# Exploratory Data Analysis

This notebook is used for performing exploratory data analysis (EDA) on the match data. The goal is to understand the data better, visualize key features, and identify patterns that may be useful for model training.

In [1]:
import pandas as pd
import matplotlib.pyplot as plt
import seaborn as sns

# Set visualization style
sns.set(style='whitegrid')

In [2]:
# Load the processed data
data = pd.read_csv('../data/processed/match_data.csv')

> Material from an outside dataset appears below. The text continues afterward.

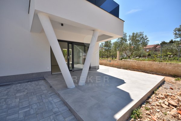 Vodice liegt direkt an der Küste, in einer beliebten, aber nicht überlaufenen Region. Die Wohngegend dieses Neubauprojekts ist ruhig und entspannt, kein Durchgangsverkehr, wenig Lärm. Der Strand ist nur rund 600 Meter entfernt, also bequem zu Fuß

# Display the first few rows of the dataset
data.head()

In [3]:
# Summary statistics
data.describe()

In [4]:
# Visualize the distribution of a key feature
plt.figure(figsize=(10, 6))
sns.histplot(data['feature_name'], bins=30, kde=True)
plt.title('Distribution of Feature Name')
plt.xlabel('Feature Name')
plt.ylabel('Frequency')
plt.show()

In [5]:
# Correlation heatmap
plt.figure(figsize=(12, 8))
correlation_matrix = data.corr()
sns.heatmap(correlation_matrix, annot=True, fmt='.2f', cmap='coolwarm')
plt.title('Correlation Heatmap')
plt.show()

## Conclusion

This exploratory analysis provides insights into the match data, highlighting important features and their relationships. The findings will guide the feature engineering and model training processes.